The interns & the law firm

Hundreds descend on Russell McVeagh

Hundreds of university students have marched on the offices of law firm Russell McVeagh to protest sexual harassment in the workplace.

Dressed in black as a symbol of solidarity with victims of sexual violence, the crowd snaked down Lambton Quay shouting chants such as: “Russell McVeagh, assaulting people is not OK”.

It follows a series of stories by Newsroom that revealed five summer clerks who were part of the 2015-2016 summer internship programme at Russell McVeagh made allegations ranging from sexual assault to rape against two of the firm’s lawyers.

Russell McVeagh’s office is in a high rise next to Midland Park, a popular lunch spot for Wellington CBD workers.

Many were stunned when the students arrived en masse and filled the park holding placards and shouting into loudspeakers.
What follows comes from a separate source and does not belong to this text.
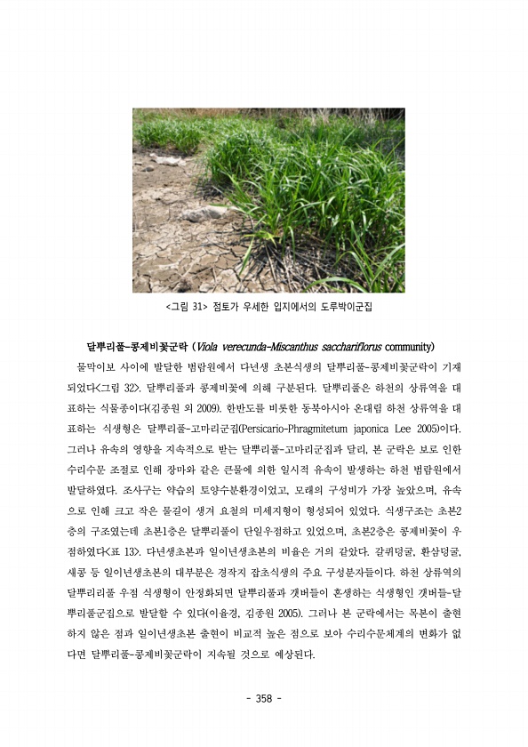 358 그림 31 점토가 우세한 입지에서의 도루박이군집 달뿌리풀 콩제비꽃군락 Viola verecunda-Miscanthus sacchariflorus community 물막이보 사이에 발달한 범람원에서 다년생 초본식생의 달뿌리풀 콩제비꽃군락이 기재 되었다 그림 달뿌리풀과 콩제비꽃에 의해 구분된다 달뿌리풀은 하천의 상류역을 대 32 표하는 식물종이다 김종원 외 한반도를 비롯한 동북아시아 온대림 하천 상류역을 대 2009 표하는 식생형은 달뿌리풀 고마리군집 Persicario-Phragmitetum japonica Lee 2005 이다 그러나 유속의 영향을 지속적으로 받는 달뿌리풀 고마리군집과 달리 본 군락은 보로 인한 , 수리수문 조절로 인해 장마와 같은 큰물에 의한 일시적 유속이 발생하는 하천 범람원에서 ...

The rally was organised by Victoria University of Wellington’s Students’ Association, Law Students’ Society and Feminist Law Society.

Beforehand the march received the blessing of the university’s vice-chancellor Grant Guilford, who told the crowd that the appalling incidents would hopefully lead to society working together to solve the problem.

“Russell McVeagh is not the root of the problem, only its ugly face.”

He reiterated that the university would not be working with Russell McVeagh until the results of its internal inquiry were known.

Rally organisers are calling on the Government to also suspend any further Crown work with Russell McVeagh until after the inquiry.

Ella Hughes, one of the organisers, said everyone had known about the entrenched behaviour in the legal profession for years but nothing had been done.

Photo: Lynn Grieveson

“Russell McVeagh is not the root of the problem, only its ugly face.”

Steph Dyhrberg, convenor of the Wellington Women Lawyers’ Association, stirred the crowd with an impassioned speech.

She described not only the legal profession, but New Zealand itself, as existing on a bedrock of misogyny.

“Every time a woman speaks up and says ‘We are not being treated with sufficient respect in the workplace’ … there is a man or a chorus of men saying ‘Oh, can’t you take a joke’.”

She said the Association would offer full support to any woman with a complaint and encourage students to speak out when they entered the profession.

“You might not get a nice corner office in a place like this but speaking truth to power has built a very nice career for me.”